Abbreviations: (Peg) IFN-α; (pegylated) interferon-α, NAs; nucleos(t)ide analogues, ALT; alanine aminotransferase, qHBsAg; quantitative hepatitis B surface antigen, HBeAg; hepatitis B e antigen, HBsAb; antibody against hepatitis B surface antigen, HBV; hepatitis B virus, FIB-4; Fibrosis-4 Index, APRI; aspartate aminotransferase-to-platelet ratio index.
According to our previous study,16 the age of treatment initiation was critical for HBsAg loss in CHB children. The incidence of HBsAg loss in patients aged 1–7 years is much higher than that in patients aged ≥7 years (55.1% vs 17.0%). Table S1 summarizes the baseline characteristics of CHB patients stratified by age at treatment initiation. Except for the initial antiviral regimen, baseline antibody against hepatitis B surface antigen (HBsAb) and HBV genotype, no significant differences were found in other variables between the 1–7 years group and the ≥7 years group.
Incidence of HBsAg loss by initial therapy and age
As shown in Fig. 2, the overall incidence of HBsAg loss varied significantly across the three initial treatment regimens (p < 0.001), with the highest incidence observed in the (Peg) IFN-α monotherapy group (58.2%), followed by combination therapy (47.6%) and NAs monotherapy (28.6%). In children aged 1–7 years, the difference remained significant (p = 0.008), with HBsAg loss rates of 70.7%, 58.6%, and 40.7%, respectively.
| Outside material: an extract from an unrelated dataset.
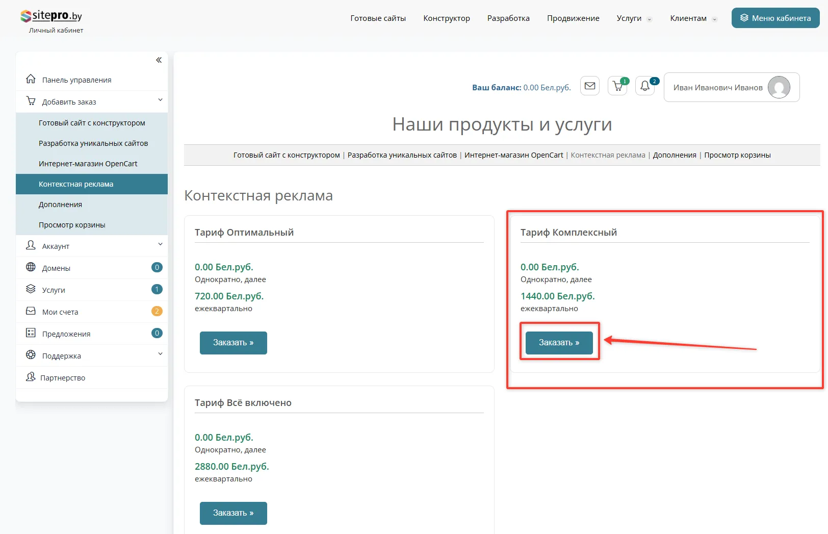 2. Выберите тариф и нажмите кнопку "Заказать"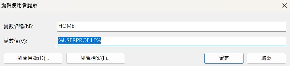 新增一個使用者變數,名稱是【HOME】,值設定為【%USERPROFILE%】

However, in children aged ≥7 years, no significant difference was found among the three regimens, and the incidence of HBsAg loss was relatively low across all antiviral regimens.
Fig. 2.
Incidence of HBsAg loss according to initial 24-week antiviral therapy stratified by the age of treatment initiation.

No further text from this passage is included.